WORK INSTRUCTIONS:
Unless a line falls after the one with "Men's High Quality", retype it exactly from the records below; leave out all pictures.

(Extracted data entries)
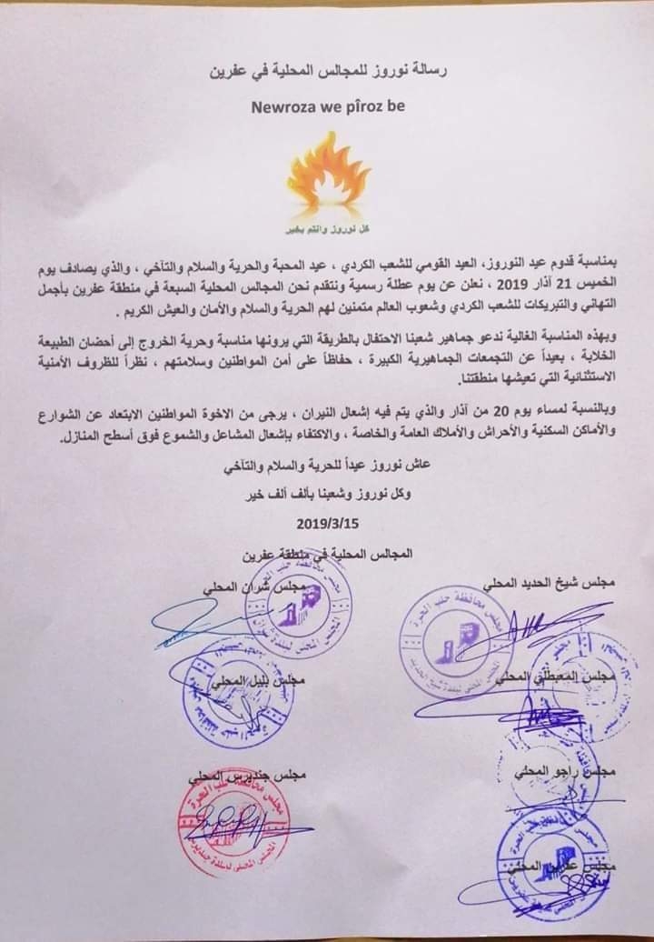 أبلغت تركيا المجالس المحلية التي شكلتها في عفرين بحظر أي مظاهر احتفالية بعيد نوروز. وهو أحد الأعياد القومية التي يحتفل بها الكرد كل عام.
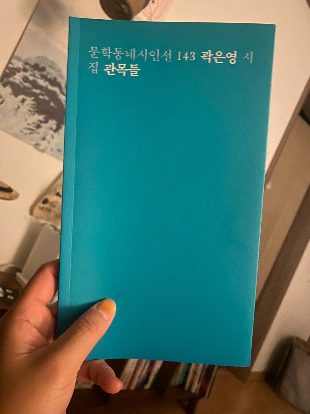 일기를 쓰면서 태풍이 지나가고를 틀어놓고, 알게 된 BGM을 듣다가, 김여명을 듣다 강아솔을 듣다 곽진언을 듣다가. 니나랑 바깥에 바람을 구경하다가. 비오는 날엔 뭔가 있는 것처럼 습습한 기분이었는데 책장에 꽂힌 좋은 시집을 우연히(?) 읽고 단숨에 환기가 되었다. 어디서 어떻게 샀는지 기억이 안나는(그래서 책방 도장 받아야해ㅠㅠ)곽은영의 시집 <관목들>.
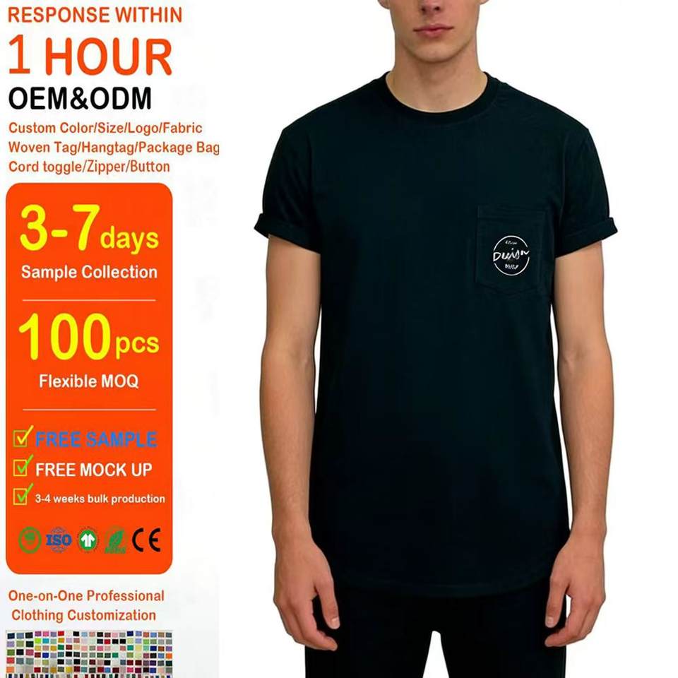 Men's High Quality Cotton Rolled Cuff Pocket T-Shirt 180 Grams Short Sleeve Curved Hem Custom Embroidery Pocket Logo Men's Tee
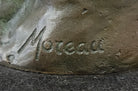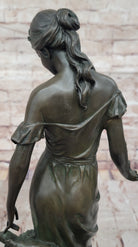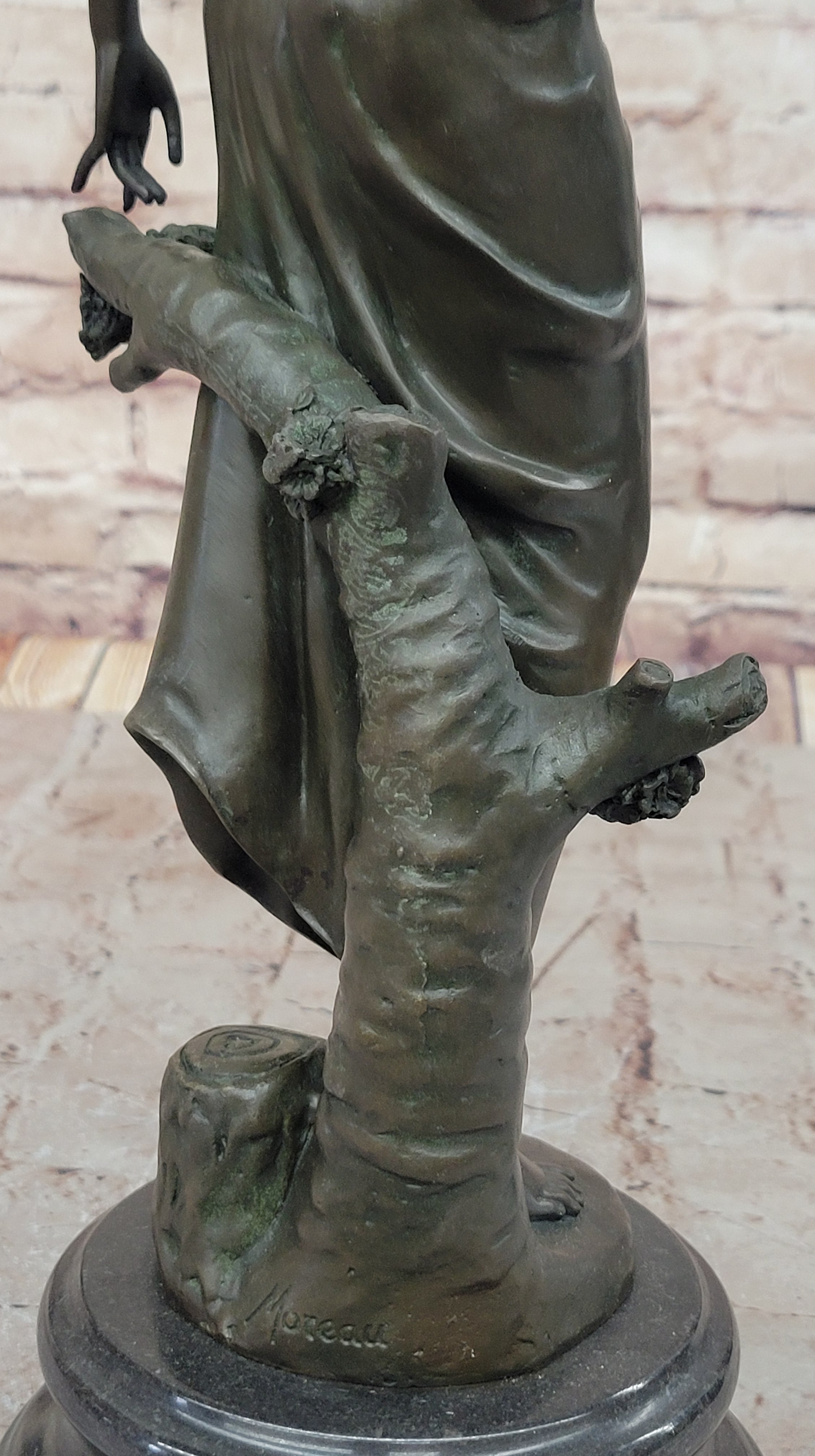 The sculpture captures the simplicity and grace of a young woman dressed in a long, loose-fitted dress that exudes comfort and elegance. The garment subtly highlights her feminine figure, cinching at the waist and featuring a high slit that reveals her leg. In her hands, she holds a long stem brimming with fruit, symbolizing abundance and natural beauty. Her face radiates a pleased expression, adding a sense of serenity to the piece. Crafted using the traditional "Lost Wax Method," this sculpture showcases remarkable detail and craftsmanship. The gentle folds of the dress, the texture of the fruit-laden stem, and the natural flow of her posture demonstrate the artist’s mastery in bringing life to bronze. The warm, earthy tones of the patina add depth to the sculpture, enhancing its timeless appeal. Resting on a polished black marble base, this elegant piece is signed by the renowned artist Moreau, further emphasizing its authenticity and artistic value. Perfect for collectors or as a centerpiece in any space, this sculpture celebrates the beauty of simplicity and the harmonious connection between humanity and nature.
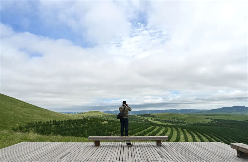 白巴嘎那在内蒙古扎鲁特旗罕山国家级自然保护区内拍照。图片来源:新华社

SOLUTION TO THE PROBLEM:
 أبلغت تركيا المجالس المحلية التي شكلتها في عفرين بحظر أي مظاهر احتفالية بعيد نوروز. وهو أحد الأعياد القومية التي يحتفل بها الكرد كل عام.
 일기를 쓰면서 태풍이 지나가고를 틀어놓고, 알게 된 BGM을 듣다가, 김여명을 듣다 강아솔을 듣다 곽진언을 듣다가. 니나랑 바깥에 바람을 구경하다가. 비오는 날엔 뭔가 있는 것처럼 습습한 기분이었는데 책장에 꽂힌 좋은 시집을 우연히(?) 읽고 단숨에 환기가 되었다. 어디서 어떻게 샀는지 기억이 안나는(그래서 책방 도장 받아야해ㅠㅠ)곽은영의 시집 <관목들>.
 Men's High Quality Cotton Rolled Cuff Pocket T-Shirt 180 Grams Short Sleeve Curved Hem Custom Embroidery Pocket Logo Men's Tee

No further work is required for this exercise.